Visual regression testing plays a vital role in maintaining an application’s or website’s expected appearance and functionality. This testing approach entails the comparison of the current version with a baseline version to pinpoint any unintentional alterations in visual elements.
Visual regression testing is frequently employed in conjunction with functional and usability testing to guarantee the proper functioning of applications and websites while adhering to quality benchmarks. This testing approach is especially beneficial when an application’s visual aspects substantially influence the user experience or when frequent updates demand vigilant tracking of visual alterations.
What is Visual Regression Testing?
Visual Regression Testing (VRT) involves a software testing approach wherein comparisons are made between screenshots or images of a user interface before and after modifications are implemented in the application. The primary objective of VRT is to identify unintended alterations in the visual aspects that may have occurred during the development process, including modifications to the layout, color schemes, typography, or other visual components.
The typical process of Visual Regression Testing includes the following steps:
- Take screenshots of the application or webpage before and after modifications have been implemented.
- Conduct a pixel-by-pixel comparison of the screenshots to detect any variances.
- Examine and assess the differences to ascertain whether they are deliberate or accidental.
- Give approval to changes if they are intentional.
Significance of Visual Regression Testing
The significance of Visual Regression Testing lies in its ability to prevent expensive visual defects from making their way into production. Neglecting visual validation can significantly undermine the user experience and, in many instances, directly result in missed sales opportunities. This is because conventional functional testing primarily focuses on validating data input and output.
While this approach is effective in catching numerous bugs, it falls short in detecting visual defects. In the absence of visual testing, these types of bugs are susceptible to slipping through the cracks, even in an otherwise thoroughly tested application.
Types of Visual Regression Testing
Manual Visual Testing: This method involves manual inspection of the UI without the use of specialized tools. Designers and developers dedicate time during each release to visually examine pages, seeking out any visual defects. While this approach can be slow, labor-intensive, and susceptible to human errors, it allows for ad-hoc or exploratory testing of the UI, especially during the early stages of development.
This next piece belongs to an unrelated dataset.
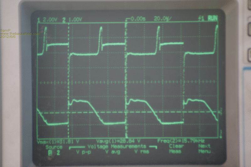 The upper trace is the voltage across the battery, sorry its a bit shakey, Vmax=31.81 Vav=28.84 F=15.78kHz, DeltaV~0.5V (I will change the hysteresis resistor to 660K and see what that does later on). Charge current 5.75A. The lower trace is Vgs for the FET.

Pixel-by-Pixel Comparison: This technique compares the two screenshots pixel by pixel, alerting the test engineer to any differences encountered. Pixel comparison, also known as pixel diffs, is highly effective at identifying potential issues but may also detect numerous inconsequential differences that are imperceptible to the human eye and have no impact on usability (such as rendering, anti-aliasing, or padding/margin variations). These “false positives” necessitate manual scrutiny by the test engineer with each test run.
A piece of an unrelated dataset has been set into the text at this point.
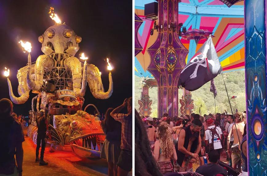 Cada año tanto Boom como Burning Man tienen un lema. En esta ocasión el de Boom fue Commit to awaken the world (‘Comprométete a despertar al mundo’) y el de BM fue Waking dreams (‘Sueños lúcidos’). Boom y BM son dos espacios muy diferentes, pero ambos son espacios psicodélicos, en los que no hay barreras entre desconocidos, con una energía compartida y un espíritu de confianza y colaboración entre los asistentes. BM es un fenómeno culturalmente muy americano y Boom es parte de la cultura visionaria global del psytrance, pero que tienen canales de comunicación y se reconocen entre sí. Curiosamente, en los inicios de BM había mucho goatrance y psytrance, y allí solía pinchar Goa Gil, el legendario hombre sagrado del psytrance, mitad sadhu mitad dj, todo LSD. Al final se trata de que todo esto sirva para algo positivo y de hallar el lugar en el que nos sintamos más cómodos para poder disfrutar de la experiencia psicodélica o, simplemente, encontrar un festival donde aprender algo nuevo e inspirador para crecer como personas y poder mejorar el mundo con una nueva mirada.

DOM-Based Comparison: A DOM-based comparison involves analyzing the Document Object Model (DOM) before and after a state change and flagging any discrepancies. This method is proficient at drawing attention to alterations in the code that constitutes the DOM but does not provide a genuine visual comparison.
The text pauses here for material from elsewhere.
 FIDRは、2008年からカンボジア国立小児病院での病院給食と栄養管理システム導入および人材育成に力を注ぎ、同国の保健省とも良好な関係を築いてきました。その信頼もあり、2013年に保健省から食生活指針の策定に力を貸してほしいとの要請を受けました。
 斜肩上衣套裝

It often produces false negatives/positives when the code remains unchanged but the UI changes (e.g., dynamic content or embedded content) or when the code changes but the UI does not. Consequently, test results can be inconsistent and require meticulous review to detect any escaped visual defects.
Visual AI Comparison: Visual regression testing of this kind harnesses Visual AI, which employs computer vision to perceive the UI as a human would. A well-trained AI can assist test engineers by highlighting only the kinds of differences noticeable to a human eye, thereby eliminating the time-consuming “false positive” issues common in pixel and DOM comparison tests. It can also encompass additional capabilities, such as the ability to assess dynamic content and identify issues solely in areas or regions where changes are unexpected.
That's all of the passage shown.